The icicle plot got such name because in case of vertical icicle plot produced columns look like icicles hanging from the eaves. The icicle plot gives information about combining cases into clusters at each step of clustering; it graphically displays the information on agglomeration schedule. Near each case there are two columns – longer and shorter, for interpretation is used the shorter one. It is read ‘from bottom to up’: at beginning we have 42 clusters, when individual cases correspond to separate clusters; this stage is not shown. Then first two cases are grouped and after this we will have 41 clusters, it corresponds the longest columns – between cases “Levofloxacin” (case 26) and “Gatifloxacin” (case 21) ( ‘Stage 1’). At the next stage cases “Spiramycin” (case 40) and “Clindamycin” (case 16) are grouped (‘Stage 2’), after this we will have 40 clusters, which we can see at the vertical axe on the left scale. At the third stage cases “Streptomycin” (41) and “Lincomycin” (27) are grouped, and so on until the last free case (“Ciprofloxacin” – cases 14) will be grouped with cluster containing case 32 “Norfloxacin” (and all other cases previously attached to this cluster):

Dendrogram gives similar information but in another view. We can can see stages of combining cases into clusters, but its branching-type nature allows tracing backward or forwarding any individual case or clustering at any level. Dendrogram contains the scale corresponding distance between cases and clusters which gives information about similarity between them. The dendrogram is read from left to right: we can see consecutive grouping of individual cases into clusters:

From the dendrogram we can see that first seven antibiotics in upper part of it (gatifloxacin, levofloxacin, furagin, imipenem, meropenem, ciprofloxacin and gentamicin) are combined into separate cluster, in contrast to all other antibiotics.
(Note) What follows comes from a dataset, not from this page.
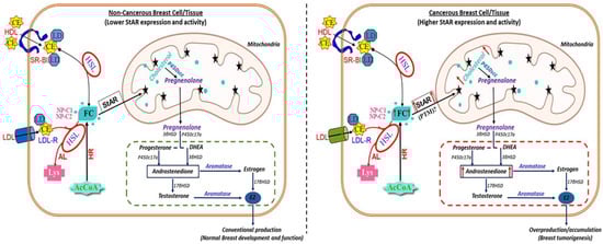 A schematic model illustrating the potential mechanism of StAR-mediated cholesterol utilization in non-cancerous and cancerous breast cells/tissues. Cholesterol used for steroidogenesis derives from a variety of sources. Circulating lipoproteins (high-density lipoprotein, HDL or low-density lipoprotein, LDL) bind to scavenger receptor, class B type 1 (SR-B1) and LDL-receptor, respectively, to release cholesterol esters (CEs) into cells. Hormone-sensitive lipase (HSL) generates free cholesterol (FC) from CEs. FC also arises from de novo synthesis from acetyl-CoA. The conversion of CEs into FC serves as an important step in controlling cholesterol availability for steroidogenesis. The StAR protein regulates steroid biosynthesis by controlling the intra-mitochondrial transport of cholesterol. At the mitochondria, the cytochrome P450scc enzyme converts cholesterol to pregnenolone, which exits the mitochondria and is then converted to various steroid hormones, including androgens and estrogen/E2, by various enzymes. Under physiologic conditions, StAR expression is moderate in breast cell/tissue, supporting appropriate synthesis of E2 for normal breast development and function (left panel). However, in cancerous breast cell/tissue, StAR expression is aberrantly high that presumably facilitates abnormal cholesterol delivery to the inner mitochondrial membrane and, as a consequence, abundant availability of androgen precursors for E2 accumulation in promoting tumorigenesis (right panel). Green and red dotted rectangles illustrate conventional and overproduction of E2 associated with normal breast development/function and breast tumorigenesis, respectively. LDL-R, LDL receptor; AL, acid lipase; Lys, lysosome; HR, HMG-CoA reductase; NP-C1/C2, Niemann-Pick type C1/C2; ↑, increase expression/activity.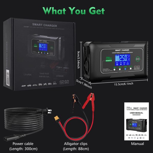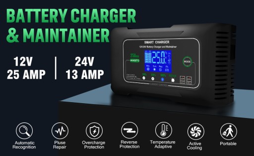 ВЫПРЯМИТЕЛЬ АККУМУЛЯТОРА АВТОМАТИЧЕСКОЕ УМНОЕ ЗАРЯДНОЕ УСТРОЙСТВО 12В 25А / 24В 13А

Looking into the table with original data, it becomes clear that this cluster contains the most active antibiotics.

In summary, comparing three clustering methods, we can see that resulting classifications are similar to some extent when the purpose is to select the most ‘extreme’ cases. Number of groups and their characteristics are easily detected in two-step and k-means clustering; however, inner structure of dataset can be revealed in the best way by hierarchical cluster analysis.